__Exercise instructions__:
From the line holding "Nun mit einem" through the line holding "Et par vintage" below, write out every line exactly; include both of those lines and drop the pictures.

__Data items__:
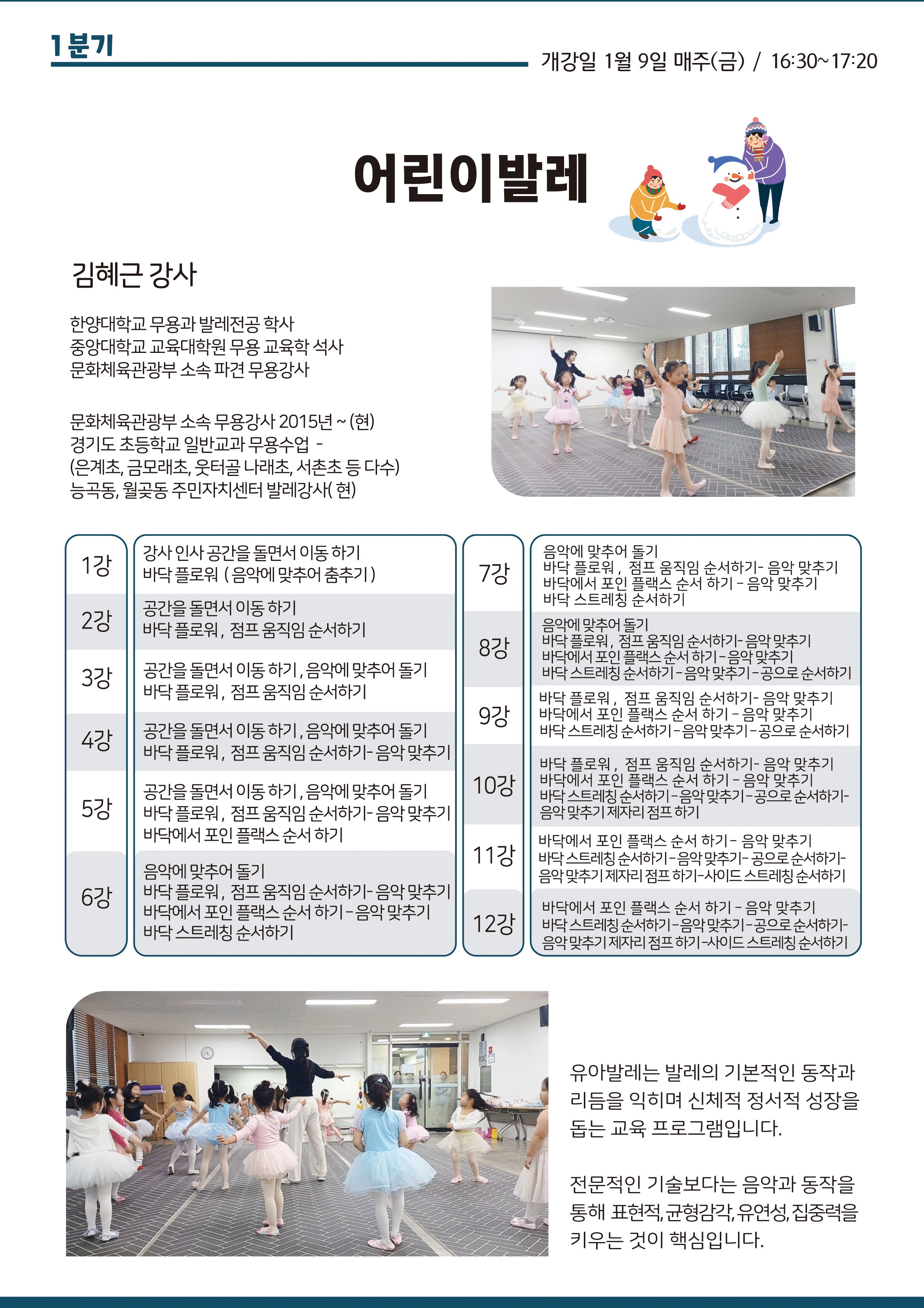▶개강일 : 1월 9일(금), 매주금 16:30-17:20 ▶준비물 : 발레복. 슈즈 [프로그램 접수시 유의사항] ※ 시흥시교육캠퍼스 '쏙'에서 자녀 본인 이름으로 가입하고 수강신청하면 다자녀 할인 적용이 안됩니다. (프로그램상 자녀 본인으로 할인이 불가하다고 합니다. 보호자가 대신 할인적용) ※ 부모님이 대신 가입하고 신청하셔야 프로그램상 다자녀 할인이 가능합니다. ※ 다자녀 할인대상이 아니면, 자녀 이름으로 가입/신청 가능합니다. ※ 선택정보에 반드시 자녀의 이름과 생년월일을 남겨주셔야 합니다. 출석부에 자녀의 이름이 올라갑니다. ▶강좌소개 유아발레는 발레의 기본적인 동작과 리듬을 익히며 신체적 정서적 성장을 돕는 교육 프로 그램입니다. ▶강좌목표 전문적인 기술보다는 음악과 동작을 통해 표현적, 균형감각, 유연성, 집중력을 키우는 것이 핵심입니다. ◎ 어린이 발레의 장점 - 신체 발달 : 유연성, 균형감각, 근력 향상 - 자세 교정 : 올바른 자세와 걸음걸이 형성 - 집중력 향상 : 동작을 기억하고 따라 하면서 집중력과 기억력 발달 - 자신감 향상 : 무대에서의 발표 기회나 성취감을 통해 자존감 향상 - 사회성 발달 : 친구들과 함께 수업을 들으며 협동심과 예절을 배움
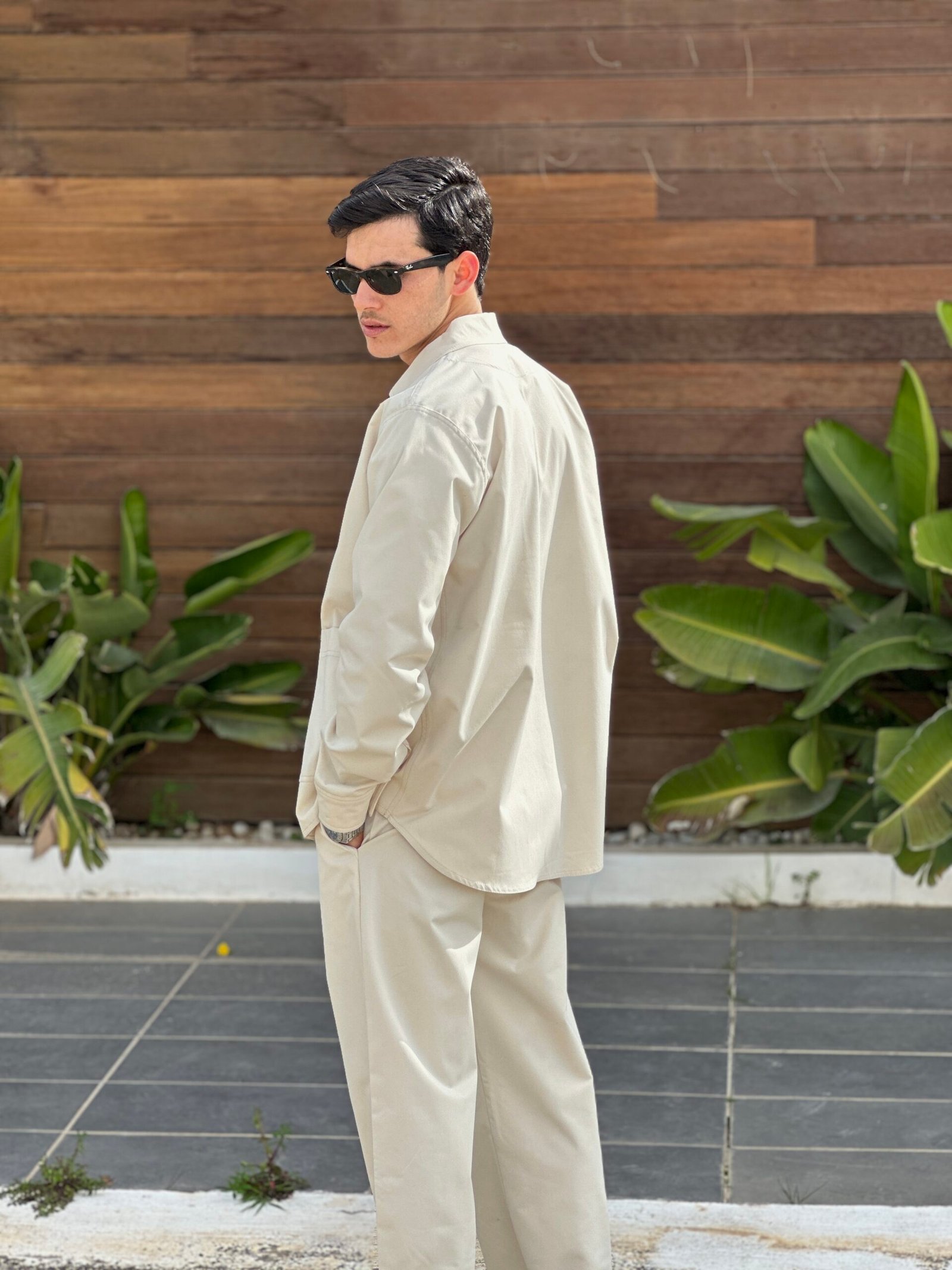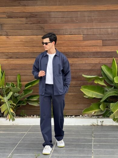 Ensemble pour homme confectionné en tissu trench (gabardine), reconnu pour sa résistance, sa tenue impeccable et son confort.
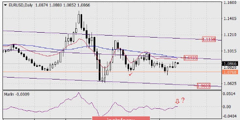اليورو/الدولار رد فعل اليورو بشكل غير محسوس على القرار المحايد لمجلس الاحتياطي الفيدرالي بشأن السياسة النقدية يوم الأربعاء. ولم يتم التغلب على القمة المسجلة يوم الثلاثاء، ولكن اليورو ينخفض صباح اليوم. ولامس خط إشارة مؤشر مارلين حدود منطقة النمو وأظهر تحولا هبوطيا منها على الرسم البياني اليومي. قد لا يتم الوصول إلى النقطة المغناطيسية التي شكلها تقاطع خط الماكد والقناة السعرية عند 1.0935.
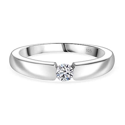 LUXURIANT Lab Grown Diamond (VS-E-F) Solitaire Tension Ring in Rhodium Overlay Sterling Silver
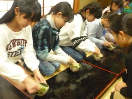 お茶をたてたり、歩き方・座り方など作法を教えてもらいました。
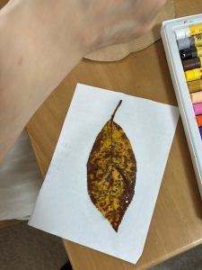 秋の葉っぱを 紙の上からこすり、 こすり絵を作りました。🍂色々な秋色を選んでくださいました。🎨
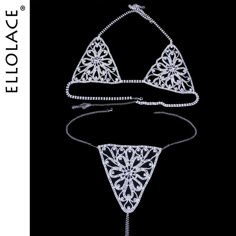 Женский комплект нижнего белья Ellolace, сексуальный комплект из бюстгальтера и стрингов, стразы
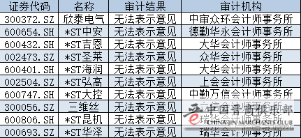 与以往相比,2016年年报季一大特点是被出具“无法表示意见”的公司数目大幅上升,达到了10家,包括*ST昆机、欣泰电气、*ST大控、*ST圣莱、*ST华泽、*ST弘高、*ST海润、*ST中安、*ST吉恩,和三维丝,被出具“无法表示意见”。一般来说,“无法表示意见”几乎可直接宣告年报质量“不合格”。而在这10家公司中,不乏一些公众熟知的问题公司,财务混乱是其被出具“无法表示意见”的主要原因。
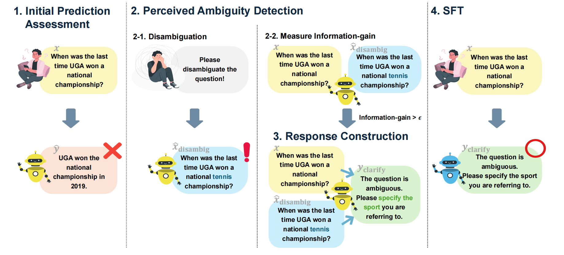 为解决这些问题,作者提出感知模糊性对齐(APA)方法,通过利用查询的感知模糊性,使模型能够显式处理模糊查询。具体而言,作者设计了一个代理任务,引导模型利用其内在知识对给定查询进行自消歧。随后,将消歧过程中获得的信息量化为模型感知输入模糊程度的隐性指标。对于选定的模糊查询及其消歧结果,模型会生成针对模糊性的澄清请求。最终,模型通过训练能够对模糊查询作出显式澄清请求。
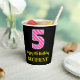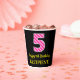 Este alegre diseño de pegatina cuadrado con temática de cumpleaños cuenta con un gran número "5", con un diseño de rayas rosa claro y rosa oscuro. También incluye el mensaje "Feliz quinto cumpleaños", más un nombre personalizado. El fondo es negro de color. Joyosos vasos de papel con temas de cumpleaños como este podrían ser usados en un fiesta para celebrar el quinto cumpleaños de alguien. [~Z0000580]
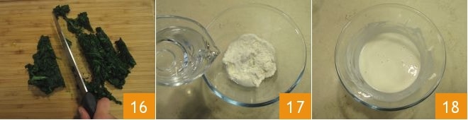 Sobald der Spinat abgekühlt ist, fein hacken 16. Bereiten Sie nun den Teig vor: In einer Schüssel Wasser mit Mehl vermischen 17 und gut mit einem Schneebesen umrühren, um Klumpenbildung zu vermeiden, bis eine homogene Mischung entsteht 18.
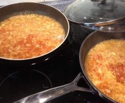 Nun mit einem Schuß Sonnenblumenöl beide Pfannen erhitzen und die Zwiebeln schön glasig anbraten. Dann mit je 250ml Wasser ablöschen und mit dem Tomatenmark, der Brühe, Salz und Pfeffer würzen. Den Sud bitte abschmecken und Vorsicht mit dem Salz, der Schinken ist ja schon salzhaltig.
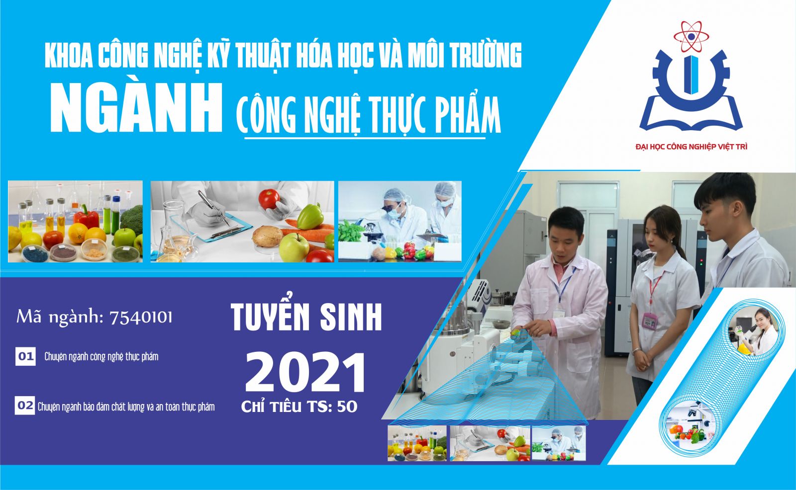 * Năm 2021, trường Đại học Công nghiệp Việt Trì tuyển sinh 50 chỉ tiêu ngành Công nghệ Thực phẩm, mã ngành 7540101 với các phương thức xét tuyển:
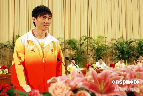 第29屆奧運(yùn)會(huì)男子佩劍個(gè)人冠軍仲滿在報(bào)告會(huì)上發(fā)言。中新社發(fā) 楊慧峰 攝
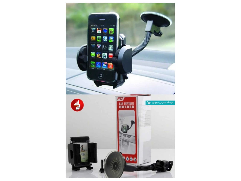 Универсална стойка за автомобил с регулираща се ширина на захвата, с меки тампони на страните за по здрав захват на телефона към стойката. Закрепя се на предният прозорец на колата чрез вакуум с механичен ключ. (издържа до 4,5 кг.) Лек и ергономичен дизайн. Регулиране във всички посоки с дълго рамо. Може да се използва и за антирадари.
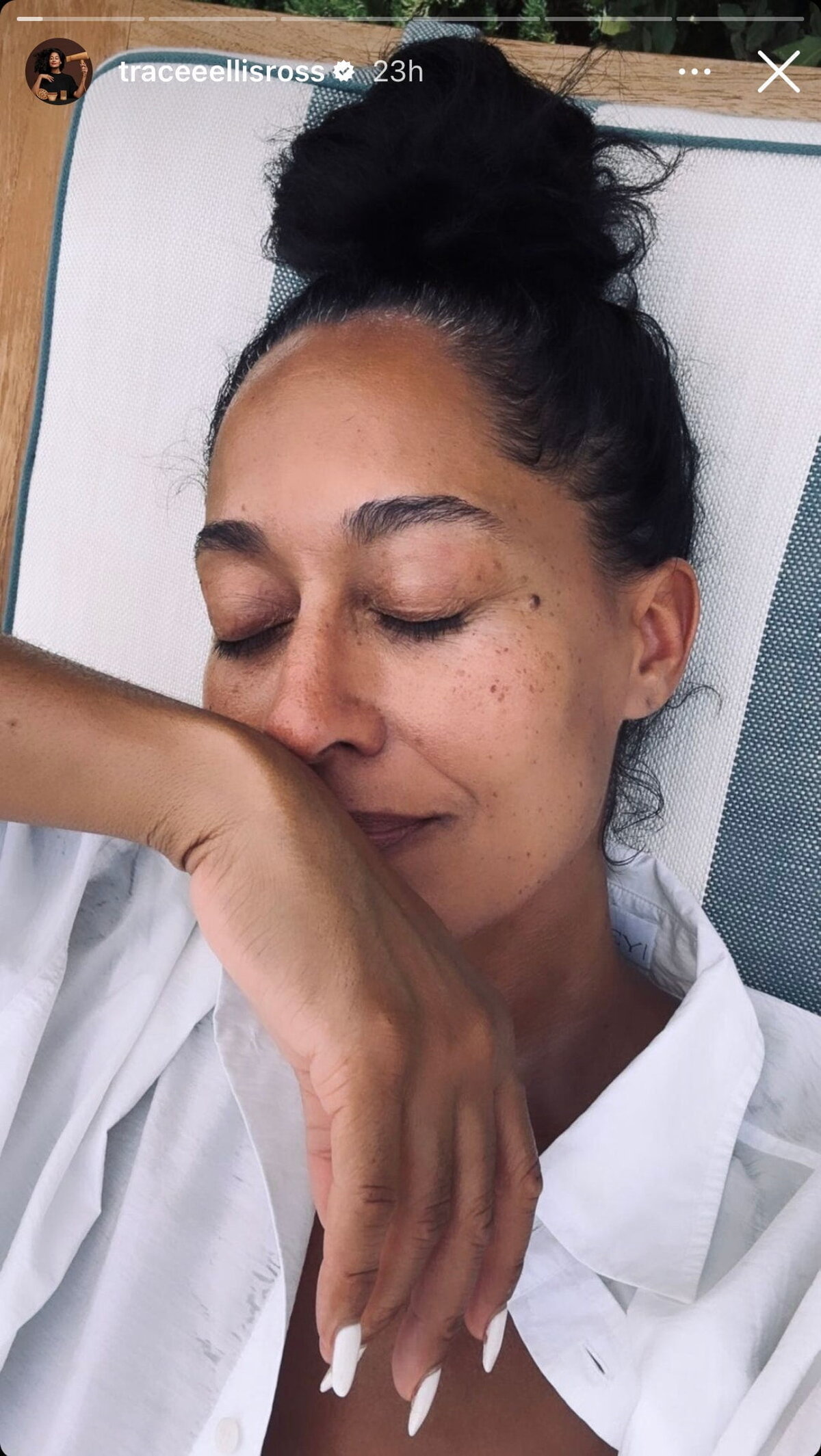 Ea a împărtășit o privire la unghiile ei albe pe Instagram Stories pe 9 iulie. În prima fotografie, Ross părea relaxată, cu ochii închiși, cu capul sprijinit pe un scaun și cu mâna postată pe față. Vârfurile ei lungi păreau la fel de albe ca o cremă grea, asortate cu bluza cu nasturi pe care o purta.
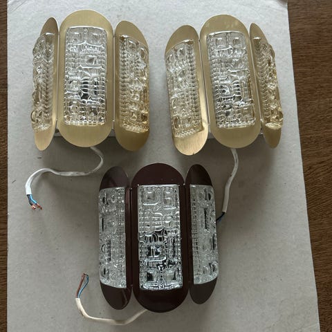 Et par vintage væglamper med glasafskærmning og guldfarvet metalbeslag. Kan både bruges som væglamper i gangen, som sengelamper eller som læselamper. De har en rillede glasstruktur, der skaber et dekorativt lysspil. Størrelsen på hver lampe er 27x12 cm. Sælges samlet og prisen er for begge to.
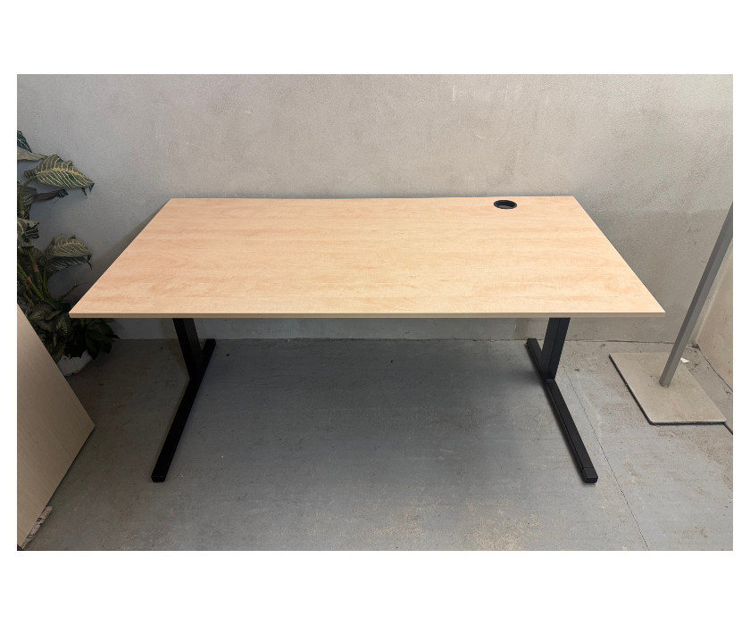 K prodeji nabízíme kancelářský PC stůl v dekoru hruška, od výrobce značky Techo. Stůl má černou kovovou konstrukci, nohy stolu mají vyrovnávací nožičky. Deska je silná 1,8 cm a v desce je jedna záslepka na kabeláž. Pod deskou je držák kabelů. Celkově je stůl v dobrém stavu.

__Response area__:
 Nun mit einem Schuß Sonnenblumenöl beide Pfannen erhitzen und die Zwiebeln schön glasig anbraten. Dann mit je 250ml Wasser ablöschen und mit dem Tomatenmark, der Brühe, Salz und Pfeffer würzen. Den Sud bitte abschmecken und Vorsicht mit dem Salz, der Schinken ist ja schon salzhaltig.
 * Năm 2021, trường Đại học Công nghiệp Việt Trì tuyển sinh 50 chỉ tiêu ngành Công nghệ Thực phẩm, mã ngành 7540101 với các phương thức xét tuyển:
 第29屆奧運(yùn)會(huì)男子佩劍個(gè)人冠軍仲滿在報(bào)告會(huì)上發(fā)言。中新社發(fā) 楊慧峰 攝
 Универсална стойка за автомобил с регулираща се ширина на захвата, с меки тампони на страните за по здрав захват на телефона към стойката. Закрепя се на предният прозорец на колата чрез вакуум с механичен ключ. (издържа до 4,5 кг.) Лек и ергономичен дизайн. Регулиране във всички посоки с дълго рамо. Може да се използва и за антирадари.
 Ea a împărtășit o privire la unghiile ei albe pe Instagram Stories pe 9 iulie. În prima fotografie, Ross părea relaxată, cu ochii închiși, cu capul sprijinit pe un scaun și cu mâna postată pe față. Vârfurile ei lungi păreau la fel de albe ca o cremă grea, asortate cu bluza cu nasturi pe care o purta.
 Et par vintage væglamper med glasafskærmning og guldfarvet metalbeslag. Kan både bruges som væglamper i gangen, som sengelamper eller som læselamper. De har en rillede glasstruktur, der skaber et dekorativt lysspil. Størrelsen på hver lampe er 27x12 cm. Sælges samlet og prisen er for begge to.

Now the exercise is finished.